叶擎天笑着说:“没错,专业的事情,交给专业的人去做,你只需要把控全局就行了。”
“做好一个王,没那么简单,却也没有你想象的那么复杂。”
听了这些话,黎元绍心里有底了,但还是有些担心。
叶擎天继续说:“师兄,除了你之外,师弟还能依仗谁呢?”
“凉国的重要性,师弟不说,师兄也应该十分清楚。”
“凉国不但是龙国的北方屏障,也是百万战神大军背后最重要的防线,若是凉国出了乱子,战神军团一定不得安宁。”
“只有把凉国交到你的手里,师弟我才能安心,才能不受牵制,不被掣肘,放心的去处理国内事务。”
这是对黎元绍莫大的信任!
将一国重担,交到他的手里。
话已至此,黎元绍自然也就没了拒绝的理由。
他深吸一口气,说:“这样,凉国的王我可以做,但是话必须说清楚。”
“师兄我做这个王,只是为了帮助小师弟稳定后方。”
“凉国的真正掌控者,必须是小师弟你本人,我是暂时帮你当王,等你方便的时候,随时将王位还给你。”
说到这里,他正色道:“相比之下,我还是喜欢当个纯粹的军人,领兵打仗,而不是坐在王位上看着那些尔虞我诈。”
“小师弟,你答应我,我就答应你!”
最后这句话,他说的不容置疑。
叶擎天苦笑,道:“师兄,别人当王,都是上赶子的。”
“怎么到了你这里,搞得跟赶鸭子上架似的。”
黎元绍坚持己见,说:“细节必须讲清楚,否则我肯定是不干的。”
“正好今天风帅、秦帅和魅影将军也在,你们三个,为我做个见证。”
“倘若有一天,我在王位上待烦了,你们得帮我,让小师弟同意我退位让贤。”
魅影第一个表态:“没问题,这个见证人的活儿,我接了。”
“我也接了。”张明风说。
秦立群道:“我也没问题。”
叶擎天再次苦笑,无奈道:“好吧好吧,我以王爵贵族的身份发誓,同意了!”
“真是的,不知道的人,还以为这个王位是个火坑呢。”
“多少人梦寐以求,想要却得不到的东西,在师兄面前,却像是天大的麻烦一样,避之不及。”
就像此刻在国都城里,打到鼻青脸肿的马家两兄弟。
要是让他们知道,自己做梦都想得到的王位,像是臭狗屎一样,在黎元绍和叶擎天之间踢来踢去,肯定无法理解。

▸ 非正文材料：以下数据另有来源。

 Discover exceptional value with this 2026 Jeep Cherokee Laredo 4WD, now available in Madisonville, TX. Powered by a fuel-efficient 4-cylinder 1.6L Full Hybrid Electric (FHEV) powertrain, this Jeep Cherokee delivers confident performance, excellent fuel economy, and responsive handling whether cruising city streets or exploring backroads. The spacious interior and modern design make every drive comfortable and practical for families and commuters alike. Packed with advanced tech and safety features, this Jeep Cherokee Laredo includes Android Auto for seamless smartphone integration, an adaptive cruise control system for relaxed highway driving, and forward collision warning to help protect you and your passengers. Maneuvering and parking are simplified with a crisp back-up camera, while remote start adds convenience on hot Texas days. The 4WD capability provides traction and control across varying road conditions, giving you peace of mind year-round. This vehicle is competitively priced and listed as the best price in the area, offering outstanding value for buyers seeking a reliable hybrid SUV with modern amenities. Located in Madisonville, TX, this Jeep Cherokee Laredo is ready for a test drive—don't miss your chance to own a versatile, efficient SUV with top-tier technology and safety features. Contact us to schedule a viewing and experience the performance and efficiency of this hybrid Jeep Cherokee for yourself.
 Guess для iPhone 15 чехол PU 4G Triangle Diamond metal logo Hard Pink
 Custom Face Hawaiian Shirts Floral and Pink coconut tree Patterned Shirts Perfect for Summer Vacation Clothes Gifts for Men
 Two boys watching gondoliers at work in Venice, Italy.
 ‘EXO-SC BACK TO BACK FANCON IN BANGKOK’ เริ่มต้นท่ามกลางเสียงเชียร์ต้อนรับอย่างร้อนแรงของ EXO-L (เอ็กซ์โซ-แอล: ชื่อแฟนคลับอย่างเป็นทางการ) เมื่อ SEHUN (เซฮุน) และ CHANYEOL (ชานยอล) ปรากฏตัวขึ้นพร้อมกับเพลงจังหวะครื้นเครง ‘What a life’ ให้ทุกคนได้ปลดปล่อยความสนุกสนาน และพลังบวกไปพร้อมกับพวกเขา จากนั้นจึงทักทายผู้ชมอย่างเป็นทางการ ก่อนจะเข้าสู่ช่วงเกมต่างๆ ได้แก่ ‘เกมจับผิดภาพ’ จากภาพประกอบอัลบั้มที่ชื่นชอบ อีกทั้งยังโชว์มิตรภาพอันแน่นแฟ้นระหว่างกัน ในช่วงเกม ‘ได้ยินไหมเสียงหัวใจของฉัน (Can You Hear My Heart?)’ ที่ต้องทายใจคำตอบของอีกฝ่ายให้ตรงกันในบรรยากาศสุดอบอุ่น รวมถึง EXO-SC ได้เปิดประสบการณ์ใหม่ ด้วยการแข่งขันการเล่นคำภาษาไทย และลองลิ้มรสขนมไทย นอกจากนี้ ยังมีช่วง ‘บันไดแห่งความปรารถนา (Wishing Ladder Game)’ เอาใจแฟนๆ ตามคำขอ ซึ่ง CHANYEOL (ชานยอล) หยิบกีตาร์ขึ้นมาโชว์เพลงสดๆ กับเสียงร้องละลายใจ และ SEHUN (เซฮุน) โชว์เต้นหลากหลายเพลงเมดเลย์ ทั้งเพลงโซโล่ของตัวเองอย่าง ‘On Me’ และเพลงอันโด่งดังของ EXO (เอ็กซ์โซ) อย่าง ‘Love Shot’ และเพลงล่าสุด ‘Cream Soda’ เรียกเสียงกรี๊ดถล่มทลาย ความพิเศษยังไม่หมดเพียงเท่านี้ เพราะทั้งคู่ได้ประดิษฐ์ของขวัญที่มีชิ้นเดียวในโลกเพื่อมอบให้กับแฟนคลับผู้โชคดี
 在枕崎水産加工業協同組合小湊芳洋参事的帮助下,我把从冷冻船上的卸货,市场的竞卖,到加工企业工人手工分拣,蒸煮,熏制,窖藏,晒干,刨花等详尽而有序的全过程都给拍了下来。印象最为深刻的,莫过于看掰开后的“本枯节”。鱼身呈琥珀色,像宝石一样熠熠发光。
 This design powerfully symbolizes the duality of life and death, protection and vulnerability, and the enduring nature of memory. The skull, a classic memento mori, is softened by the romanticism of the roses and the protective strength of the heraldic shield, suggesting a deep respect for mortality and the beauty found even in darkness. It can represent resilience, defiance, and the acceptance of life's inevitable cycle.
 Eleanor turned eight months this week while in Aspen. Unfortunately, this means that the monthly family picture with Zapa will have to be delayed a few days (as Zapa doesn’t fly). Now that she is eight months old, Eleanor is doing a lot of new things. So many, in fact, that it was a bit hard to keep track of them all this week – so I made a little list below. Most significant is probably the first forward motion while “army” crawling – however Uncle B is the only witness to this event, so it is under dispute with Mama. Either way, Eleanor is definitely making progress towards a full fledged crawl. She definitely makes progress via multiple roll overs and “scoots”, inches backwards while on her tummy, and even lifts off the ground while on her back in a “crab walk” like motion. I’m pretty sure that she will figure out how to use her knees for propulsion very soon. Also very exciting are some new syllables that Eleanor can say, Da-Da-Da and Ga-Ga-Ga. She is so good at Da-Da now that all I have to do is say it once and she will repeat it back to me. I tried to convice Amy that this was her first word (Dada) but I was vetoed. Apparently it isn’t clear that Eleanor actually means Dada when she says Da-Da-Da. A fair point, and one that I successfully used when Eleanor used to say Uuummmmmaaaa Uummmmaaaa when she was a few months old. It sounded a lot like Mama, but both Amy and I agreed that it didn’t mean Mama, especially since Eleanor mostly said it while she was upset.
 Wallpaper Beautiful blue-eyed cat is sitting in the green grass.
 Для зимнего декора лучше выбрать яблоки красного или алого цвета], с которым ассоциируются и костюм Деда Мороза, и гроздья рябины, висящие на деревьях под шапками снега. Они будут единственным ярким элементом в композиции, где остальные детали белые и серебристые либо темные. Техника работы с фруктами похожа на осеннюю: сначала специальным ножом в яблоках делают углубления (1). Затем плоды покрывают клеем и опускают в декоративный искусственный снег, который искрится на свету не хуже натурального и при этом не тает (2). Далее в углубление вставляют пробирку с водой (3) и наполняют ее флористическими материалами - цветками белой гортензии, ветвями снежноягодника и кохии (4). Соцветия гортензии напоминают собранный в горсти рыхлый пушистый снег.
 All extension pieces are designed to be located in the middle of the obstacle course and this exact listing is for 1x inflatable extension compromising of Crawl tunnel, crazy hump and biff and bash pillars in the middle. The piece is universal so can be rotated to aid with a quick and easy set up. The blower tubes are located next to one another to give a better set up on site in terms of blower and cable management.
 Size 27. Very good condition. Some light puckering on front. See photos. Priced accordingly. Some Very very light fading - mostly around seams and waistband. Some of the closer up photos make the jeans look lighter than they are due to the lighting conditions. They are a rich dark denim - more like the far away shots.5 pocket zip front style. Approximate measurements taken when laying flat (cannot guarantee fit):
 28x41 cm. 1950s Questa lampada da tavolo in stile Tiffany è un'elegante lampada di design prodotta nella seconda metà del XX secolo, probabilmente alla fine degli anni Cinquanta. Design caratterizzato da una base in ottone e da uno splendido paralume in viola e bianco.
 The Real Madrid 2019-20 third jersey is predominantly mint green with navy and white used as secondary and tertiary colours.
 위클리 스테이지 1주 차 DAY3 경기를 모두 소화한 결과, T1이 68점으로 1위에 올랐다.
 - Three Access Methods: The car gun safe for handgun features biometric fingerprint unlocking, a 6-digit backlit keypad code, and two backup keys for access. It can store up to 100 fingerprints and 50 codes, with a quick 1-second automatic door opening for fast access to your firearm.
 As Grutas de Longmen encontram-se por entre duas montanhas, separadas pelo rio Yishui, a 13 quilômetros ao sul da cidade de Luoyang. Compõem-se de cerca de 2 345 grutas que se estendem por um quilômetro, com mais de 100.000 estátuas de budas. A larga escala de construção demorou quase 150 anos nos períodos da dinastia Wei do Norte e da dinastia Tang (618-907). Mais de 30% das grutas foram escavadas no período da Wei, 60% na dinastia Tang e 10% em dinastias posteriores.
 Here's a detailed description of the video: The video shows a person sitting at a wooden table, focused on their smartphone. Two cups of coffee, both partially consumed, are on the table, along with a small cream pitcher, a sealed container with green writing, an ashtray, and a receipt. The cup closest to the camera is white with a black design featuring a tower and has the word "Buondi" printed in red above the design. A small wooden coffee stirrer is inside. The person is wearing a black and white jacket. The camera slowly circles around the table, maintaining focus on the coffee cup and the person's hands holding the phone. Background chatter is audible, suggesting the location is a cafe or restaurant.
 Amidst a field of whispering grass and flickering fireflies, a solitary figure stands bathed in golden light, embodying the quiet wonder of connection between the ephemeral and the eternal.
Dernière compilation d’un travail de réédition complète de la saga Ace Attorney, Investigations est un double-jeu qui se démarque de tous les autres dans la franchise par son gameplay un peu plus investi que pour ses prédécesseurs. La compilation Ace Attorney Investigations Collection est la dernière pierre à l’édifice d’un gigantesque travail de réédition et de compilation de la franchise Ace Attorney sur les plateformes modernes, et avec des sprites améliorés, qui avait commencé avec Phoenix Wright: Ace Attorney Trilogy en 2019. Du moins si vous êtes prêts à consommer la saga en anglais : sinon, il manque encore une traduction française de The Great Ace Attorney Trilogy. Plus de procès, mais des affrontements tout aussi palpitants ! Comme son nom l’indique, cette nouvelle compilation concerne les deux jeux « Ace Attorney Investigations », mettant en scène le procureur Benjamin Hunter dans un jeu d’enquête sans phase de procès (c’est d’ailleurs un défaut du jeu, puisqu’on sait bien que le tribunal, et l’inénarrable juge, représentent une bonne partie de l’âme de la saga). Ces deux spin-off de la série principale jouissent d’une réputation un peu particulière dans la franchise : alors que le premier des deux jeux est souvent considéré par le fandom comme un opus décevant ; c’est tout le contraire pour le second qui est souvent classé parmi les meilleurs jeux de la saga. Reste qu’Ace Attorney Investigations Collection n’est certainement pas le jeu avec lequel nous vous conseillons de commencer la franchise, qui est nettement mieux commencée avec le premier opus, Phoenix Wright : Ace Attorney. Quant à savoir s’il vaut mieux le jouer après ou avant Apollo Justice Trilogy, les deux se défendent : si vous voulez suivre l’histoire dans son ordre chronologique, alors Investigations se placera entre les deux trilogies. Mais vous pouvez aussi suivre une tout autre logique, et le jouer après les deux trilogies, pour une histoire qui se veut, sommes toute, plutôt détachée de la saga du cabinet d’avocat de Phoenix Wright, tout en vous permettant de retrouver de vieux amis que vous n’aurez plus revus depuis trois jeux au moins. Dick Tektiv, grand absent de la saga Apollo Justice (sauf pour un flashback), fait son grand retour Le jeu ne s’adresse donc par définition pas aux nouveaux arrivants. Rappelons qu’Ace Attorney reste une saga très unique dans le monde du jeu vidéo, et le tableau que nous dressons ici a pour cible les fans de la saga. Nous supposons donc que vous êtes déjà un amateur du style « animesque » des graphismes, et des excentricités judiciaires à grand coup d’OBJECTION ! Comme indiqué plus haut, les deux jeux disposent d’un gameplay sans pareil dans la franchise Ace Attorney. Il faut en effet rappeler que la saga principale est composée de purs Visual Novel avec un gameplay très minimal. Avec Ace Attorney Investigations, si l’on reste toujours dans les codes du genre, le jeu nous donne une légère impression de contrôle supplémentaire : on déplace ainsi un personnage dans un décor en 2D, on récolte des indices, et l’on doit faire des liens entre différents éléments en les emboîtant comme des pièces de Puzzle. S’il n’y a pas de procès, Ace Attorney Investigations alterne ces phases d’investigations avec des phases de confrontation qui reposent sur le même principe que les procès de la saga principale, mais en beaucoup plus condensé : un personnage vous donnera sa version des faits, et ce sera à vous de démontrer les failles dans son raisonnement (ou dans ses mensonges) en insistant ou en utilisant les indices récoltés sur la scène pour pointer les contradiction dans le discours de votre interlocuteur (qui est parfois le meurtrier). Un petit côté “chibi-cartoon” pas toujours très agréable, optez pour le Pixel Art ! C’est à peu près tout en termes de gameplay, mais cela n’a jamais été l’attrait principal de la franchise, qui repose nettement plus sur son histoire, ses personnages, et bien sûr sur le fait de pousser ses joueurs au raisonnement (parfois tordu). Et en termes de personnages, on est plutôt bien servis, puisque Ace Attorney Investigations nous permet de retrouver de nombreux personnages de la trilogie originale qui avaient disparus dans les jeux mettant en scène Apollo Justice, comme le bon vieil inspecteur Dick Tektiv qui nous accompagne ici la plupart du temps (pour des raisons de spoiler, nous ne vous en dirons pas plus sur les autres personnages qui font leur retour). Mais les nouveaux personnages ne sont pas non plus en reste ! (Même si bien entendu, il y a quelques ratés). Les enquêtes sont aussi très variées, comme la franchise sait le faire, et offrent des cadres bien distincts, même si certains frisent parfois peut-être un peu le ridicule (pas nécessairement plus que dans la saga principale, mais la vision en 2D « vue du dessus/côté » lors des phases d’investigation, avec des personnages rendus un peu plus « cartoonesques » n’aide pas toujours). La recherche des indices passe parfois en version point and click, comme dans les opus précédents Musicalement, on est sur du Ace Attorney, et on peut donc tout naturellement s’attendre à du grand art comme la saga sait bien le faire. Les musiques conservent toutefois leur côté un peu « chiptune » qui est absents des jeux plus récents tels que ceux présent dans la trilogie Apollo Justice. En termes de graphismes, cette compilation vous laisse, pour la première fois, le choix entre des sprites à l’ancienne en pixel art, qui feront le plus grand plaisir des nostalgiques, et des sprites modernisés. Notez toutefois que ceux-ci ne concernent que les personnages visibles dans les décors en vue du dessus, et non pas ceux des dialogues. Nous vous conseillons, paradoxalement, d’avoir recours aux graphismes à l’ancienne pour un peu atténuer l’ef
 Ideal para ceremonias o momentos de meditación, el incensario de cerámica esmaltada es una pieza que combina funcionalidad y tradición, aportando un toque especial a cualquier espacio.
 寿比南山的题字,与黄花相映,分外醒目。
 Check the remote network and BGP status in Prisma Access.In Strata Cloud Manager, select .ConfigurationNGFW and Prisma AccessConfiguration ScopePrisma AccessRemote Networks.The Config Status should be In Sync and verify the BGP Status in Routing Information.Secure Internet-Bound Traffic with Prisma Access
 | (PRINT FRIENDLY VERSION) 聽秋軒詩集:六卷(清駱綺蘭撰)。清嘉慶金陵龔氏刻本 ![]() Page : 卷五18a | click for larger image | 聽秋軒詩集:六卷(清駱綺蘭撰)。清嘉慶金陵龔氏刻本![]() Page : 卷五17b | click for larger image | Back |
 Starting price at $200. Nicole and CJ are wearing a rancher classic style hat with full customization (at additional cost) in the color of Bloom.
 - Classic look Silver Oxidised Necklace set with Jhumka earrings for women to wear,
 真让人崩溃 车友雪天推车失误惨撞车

黎元绍并不觉得王位有什么好的,说:“个人好恶不同罢了,我还是喜欢当兵。”
叶擎天生怕他反悔似的,说:“那就立刻启程吧,去见见两位王子殿下。”
“说实话,我真的很想看看,他俩斗到了什么样的程度。”
黎元绍轻笑一声,做出形容:“斗的跟乌眼鸡一样,什么阴招、损招,层出不穷。”
“老凉王要是知道,两个儿子是这样的货色,为了争夺王位,无所不用其极,肯定会气的掀开棺材板儿,从里面跳出来。”
哈哈哈!
叶擎天带头,大家狂笑起来。
国都城。
两支部队在大街上遭遇,大家同时一愣。
站在左边的队伍,来自二王子马铁奕的麾下。
右边的几百人,则是大王子马超群的部下。
两伙人都没想到,会在这里遇到“敌军”,显然都没做好思想准备,更别提战斗准备了。
因为同属一国军队,大家身穿的军装,手里的武器,都是一模一样。
为了做出区分,马铁奕的部下在右臂上系一条红绳。
马超群的部下,则是系一条白色布带。
怪异的情绪,开始蔓延。
事实上,士兵们心里很清楚,这是两个王子争夺王位造成的争端。
跟我们这些当兵的,关系不大。
大家没必要为此大打出手,更没必要为此结仇结怨,因为不管谁登上王位,我们仍旧是凉国的军人,仍旧要听命行事。
所以,军人之间的战斗,并不像传言中的那般激烈。
很多时候,双方很默契的将枪口抬高三寸,子弹往空中打。
在这种情况下,战斗打了十几天,双方的伤亡十分轻微。
这次的“不期而遇”,让气氛变得有些尴尬。
打吧,没必要。
不打吧,面子上过意不去。
马铁奕这边的军官率先反应过来,故意装作没看见对方的样子。
他转过身,说:“咱们是不是走错了,明明记得要去南边的,怎么走到这里来了?”
“你们是瞎吗,怎么看的地图!”
对面,军官很有默契的说:“到饭点儿了,大家跟我回去吃饭。”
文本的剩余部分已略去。